Daniel Fischer daniel.is.fischer at googlemail.com
Tue Mar 8 02:00:13 CET 2011


On Tuesday 08 March 2011 00:38:53, Alexander Solla wrote:
> On Sat, Mar 5, 2011 at 5:06 AM, wren ng thornton <wren at freegeek.org> 
wrote:
> > 
> > If we have,
> > 
> >   data OneTuple a = One a
> > 
> > Then
> > 
> >    _|_ /= One _|_
> 
> That is vacuously true.  I will demonstrate the source of the
> contradiction
> 
> later.  But you also have "_|_ == One _|_", by evaluation:
> > Just undefined
> 
> Just *** Exception: Prelude.undefined
> 

But that shows that _|_ and Just _|_ aren't the same (in Haskell), doesn't 
it?

case x of
    Just _ -> "Just something"
    Nothing -> "Nothing"

produces "Just something" for (Just _|_), but not for _|_.

> > This can be detected by seq: the left-hand side doesn't terminate,
> > whereas the right-hand side does. And moreover, this can mess up
> > other things (e.g., monads) by introducing too much laziness. Space
> > leaks are quite a serious matter and they have nothing to do with
> > trying to compare uncomputable values. Do you want a seemingly
> > insignificant refactoring to cause your program to suddenly hang
> > forever? Or to take up gobs more space than it used to?
> 
> 'seq' is not a "function", since it breaks referential transparency

Does it, if one assumes that 'seq a b' is *not* the same as 'b' ?

> and
> possibly extensionality in function composition.  By construction, "seq
> a b = b", and yet "seq undefined b /= b".  Admittedly, the Haskell
> report and the GHC implementation, diverge on this issue.  Haskell98
> specifically defines seq in terms of a comparison with bottom, whereas
> GHC "merely" reduces the first argument to WHNF.

But reducing to WHNF is precisely what is needed to detect bottom.
If a value is a constructor application or a lambda, it's not bottom.

> In any case, the
> reduction is a side effect, with which can lead to inconsistent
> semantics if 'seq' is included in "the language".

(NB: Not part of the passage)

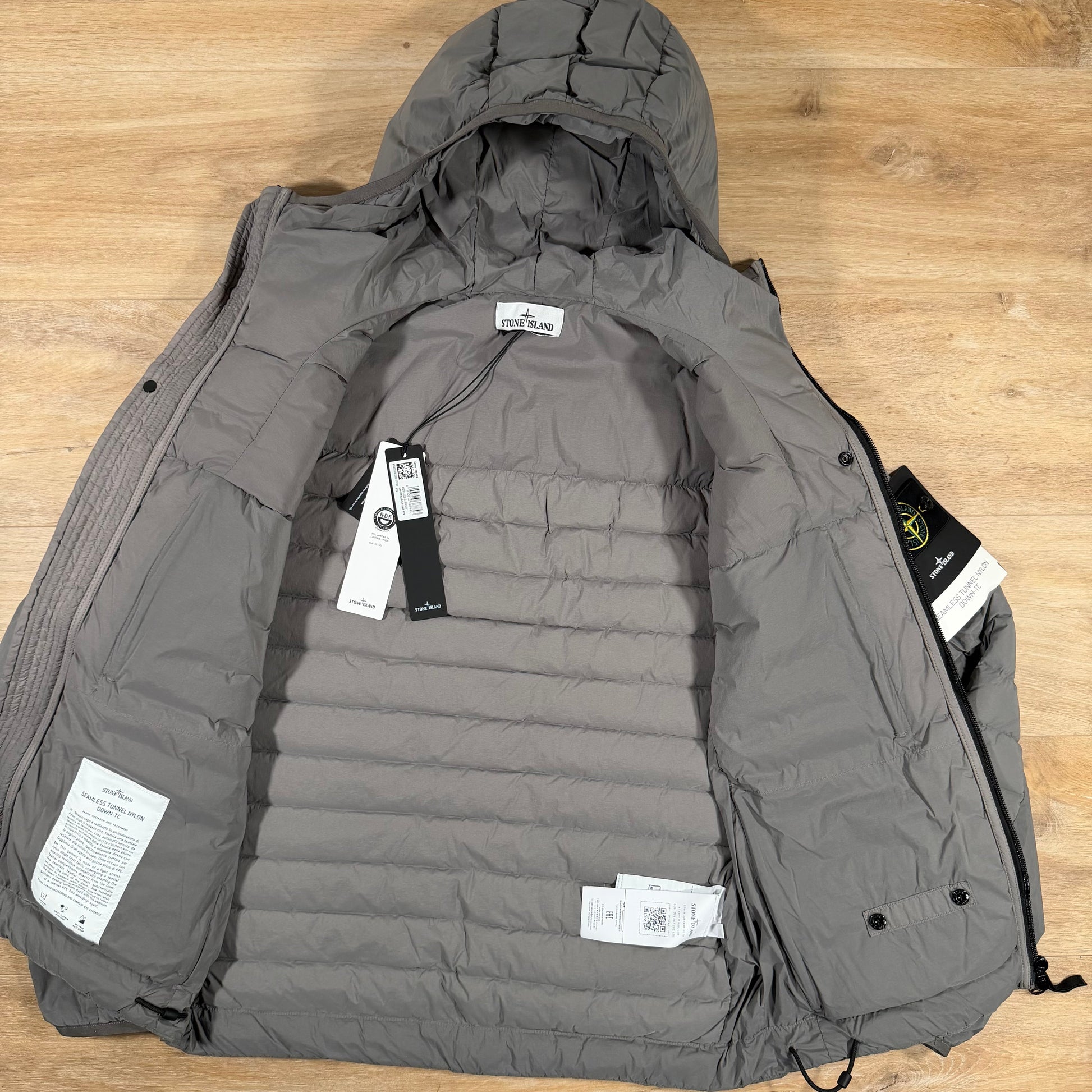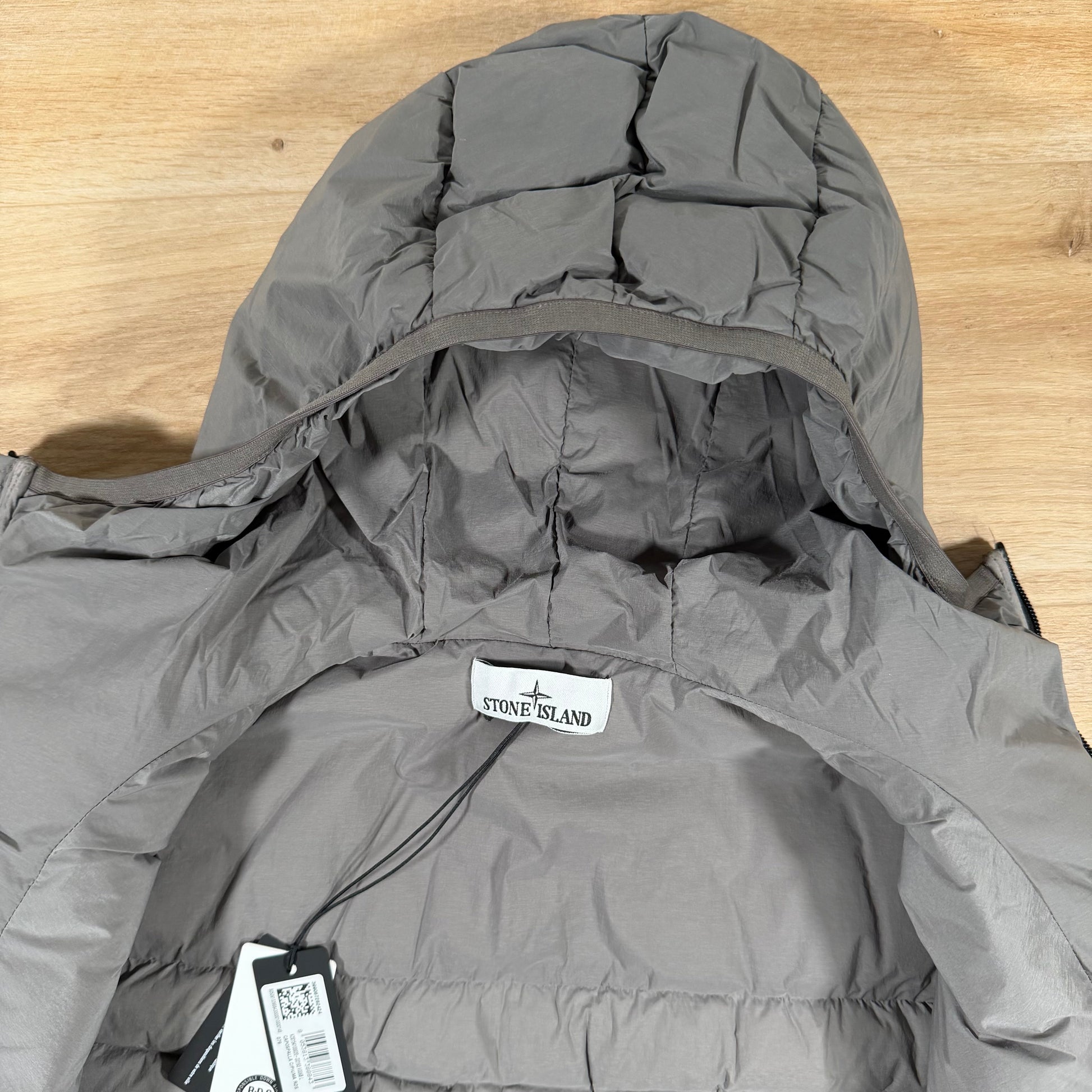 Hooded down jacket in a light single-layer stretch fabric made with 86% recycled nylon, woven with a special technique that creates feather compartments directly from the loom. Features a padded hood with elasticated trim, chest and hand pockets with invisible zips, and a flat back yoke. Finished with elasticated cuffs, a drawcord hem, the Stone Island badge on the sleeve, and a hidden two-way zip fastening with an inner snap placket.
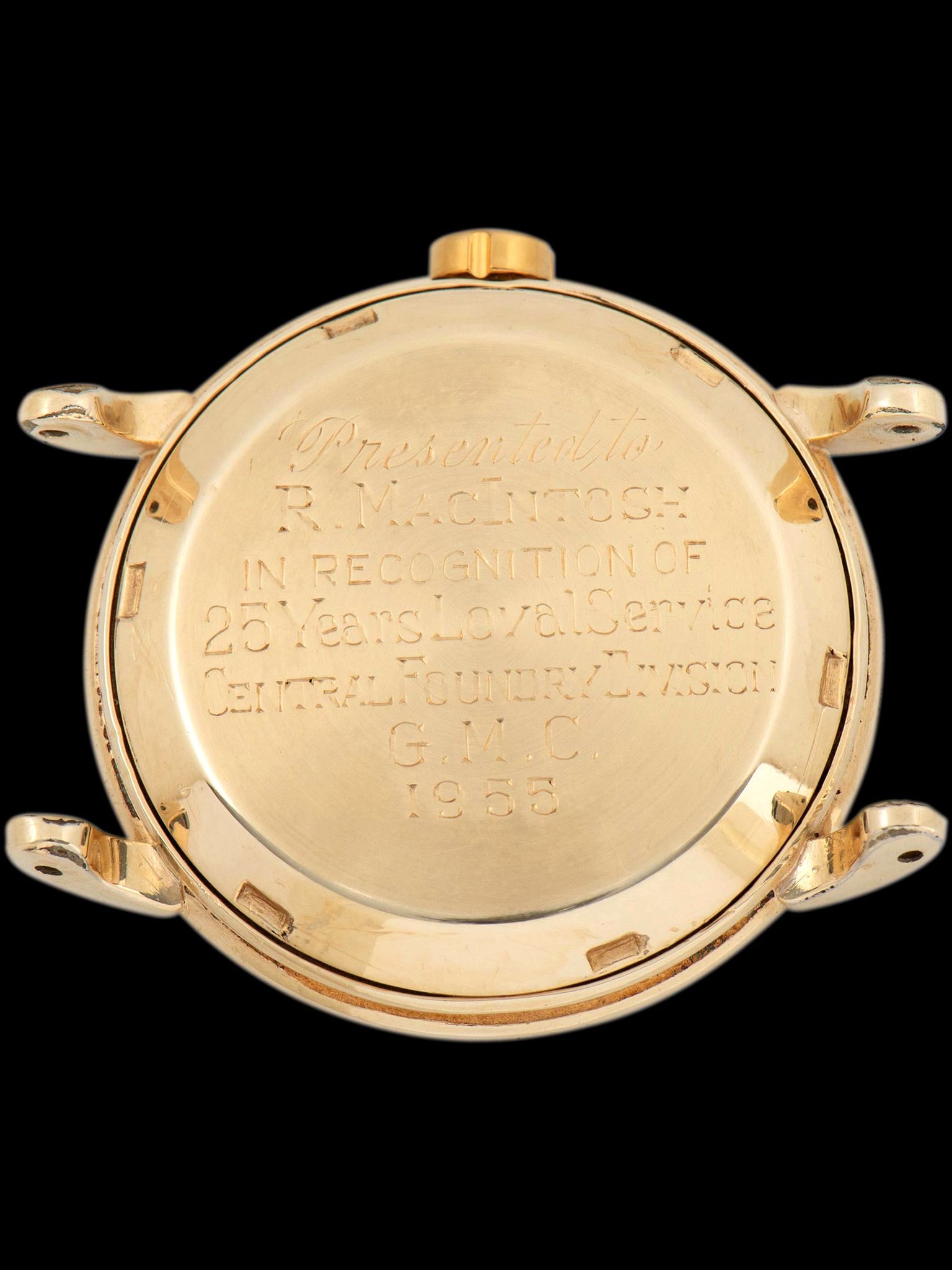The incredible Seamaster-esque 14k yellow gold-filled case is in remarkable overall condition, retaining thick factory dimensions with only minimal signs of previous use. The case retains its original gold Omega signed crown. The screw-down case back shows some signs of wear, and features an engraving that reads, "Presented to R. MacIntosh in recognition of 25 years of loyal service. Central Foundry Division. GMC. 1955." The watch comes supplied on a two-piece handmade leather strap.

But seq is "in the language", as specified by the report. You can argue 
that it shouldn't and campaign for its removal, but it's in now and 
speaking about Haskell, one can only sometimes ignore it.


> > 
> > It is not the case that for every pair, ab, we have that:
> >    ab == (fst ab, snd ab)
> > 
> > Why? Well consider ab = undefined:
> >    _|_ /= (_|_,_|_)
> > 
> > (undefined, undefined)
> 
> (*** Exception: Prelude.undefined
> 
> That is as close to Haskell-equality as you can get for a proto-value
> that does not have an Eq instance.  As a consequence of referential
> transparency, evaluation induces an equivalence relation.  This implies
> that (_|_, _|_) = _|_ = (_|_, _|_).

But

case x of
  (_, _) -> "Okay"

distinguishes _|_ and (_|_, _|_). In Haskell98 and Haskell2010, they are 
not the same.

> 
> I value referential transparency, and so reject constructs which violate
> it.
> 
> 
> Please demonstrate a proof that _|_ /= (_|_, _|_), so that I can exclude
> the unsound constructs you will undoubtedly have to use from

Pattern matching

> my interpretation of "the language".
> I am more interested in finding the
> consistent fragment of what you call Haskell than defending what I call
> Haskell.

That can be a source of much confusion. Usually, 'Haskell' is understood as 
the language defined in the report. There's some room for interpretation, 
but not too much. If you call soemthing too different 'Haskell', people 
won't understand you.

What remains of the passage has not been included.